The Google Web Toolkit used ArrayList all over the place, back when I was working on it. It is a very good collection type, but it’s mutable, and it has just the problems I mentioned in the previous paragraph. If I remember, we would defensively clone a fair amount as a way to minimize the risks.

To do better, one way to get immutable collections is via persistent collections. Persistent collections are immutable but nonetheless allow a form of update: they support creating a modified version of the collection with just one small change such as the addition of one single element. This combination of features is challenging, and if we are fair about it, we should probably say that persistent collections are good but not great and each of those goals.

Here are some examples of persistent collections, to get the idea of what they are like.
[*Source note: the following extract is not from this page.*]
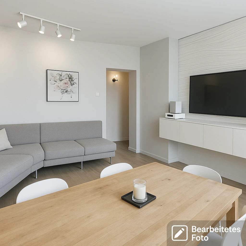 - Das erste Foto in unserer Galerie wurde leicht bearbeitet, um zu veranschaulichen, wie die Wohnung aussehen könnte – beispielsweise durch eine geänderte Wandfarbe. Die nachfolgenden Bilder zeigen den tatsächlichen Zustand der Immobilie.
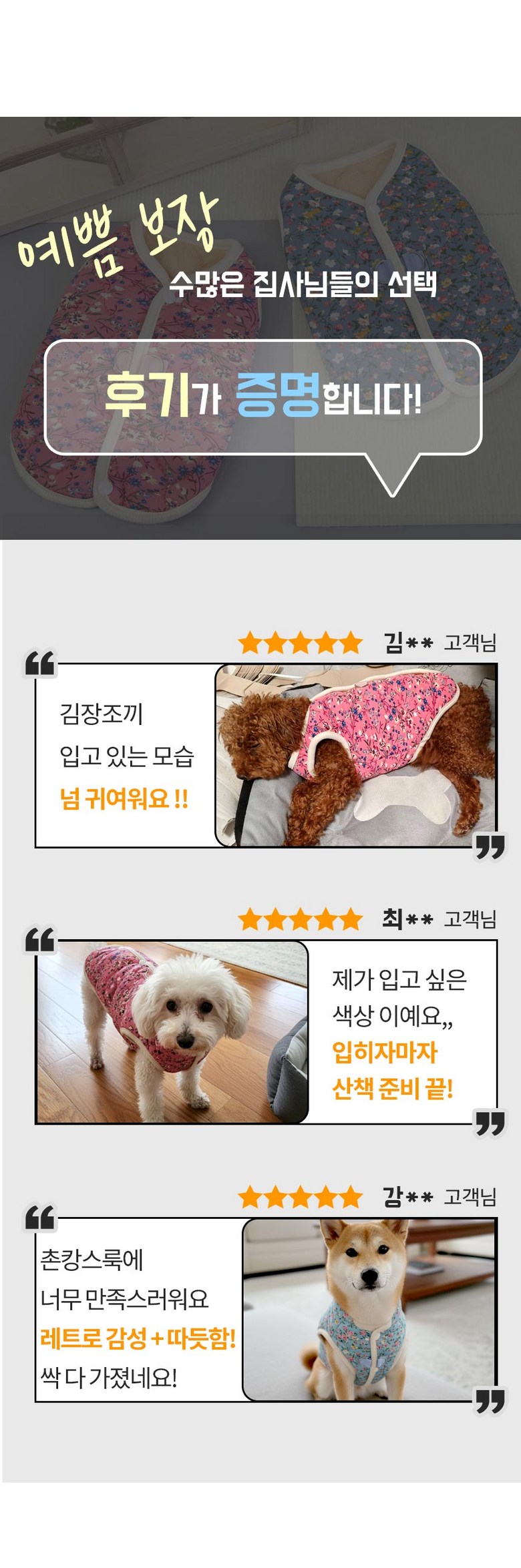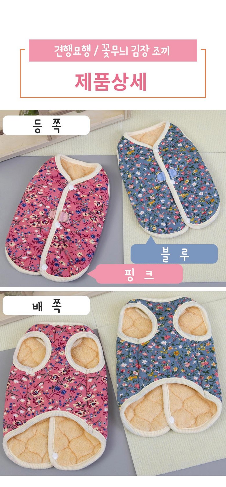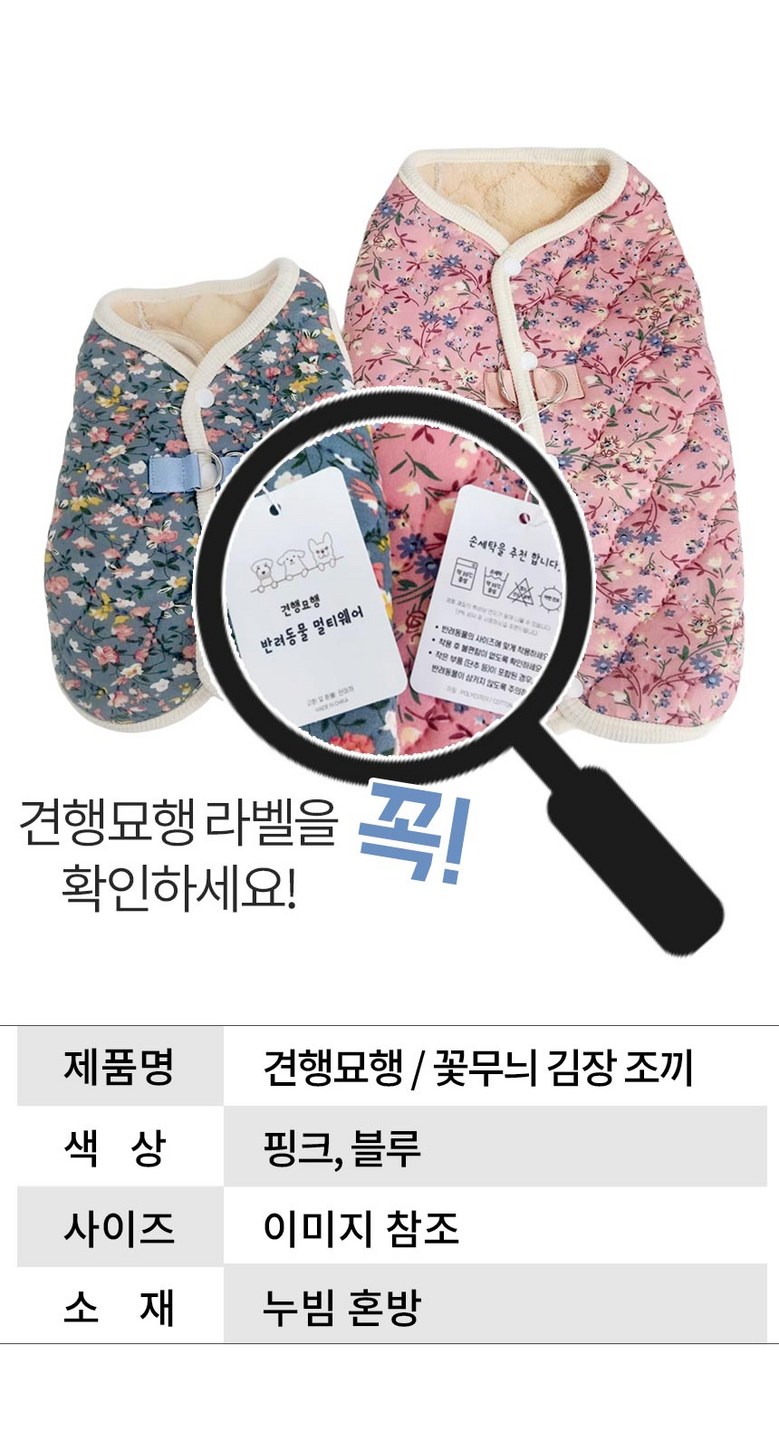 | 품명 및 모델명 | 견행묘행 강아지 김장 조끼 꽃무늬 겨울옷 | 인증/허가 사항 | 해당사항없음 |

Linked lists. These are the workhorse for functional languages like ML and Scala. They are very powerful and capable, and they are part of how the Lisp family of languages took off. A “cons cell” is a link in a list, and you can build “s-expressions” out of these and then build everything else out of those—talk about a workhorse! Possibly the main thing to get used to with immutable linked lists is that they can be difficult to process in an alternate order from what you wanted. Additionally, many good idioms with linked lists will require that your runtime supports very large stacks, so an environment like Java with fixed stack sizes can make linked lists be less attractive. On the whole, though, if you’ve never done a large project with linked lists, give it a try some time. It is a comfortable way to program that scales to many problems. A trick you can use is to choose which order the list is in so that it matches what you are trying to do; reversing a list is an $O(n)$ operation, so you can even reverse them back and forth for basically free whenever you are about to do something that traverses the whole list.
Trees, including binary trees, red-black trees, and b-trees. Trees are a workhorse in Scala, and they have the advantage that you can make a new tree, without disturbing a previous tree, just by constructing a new root node and then a path from the root down to one of the leaves. In this way, you can add or remove an element by adjusting $O(\log(n))$ nodes, resulting in two trees that differ by the one element and that share all the other nodes with each other.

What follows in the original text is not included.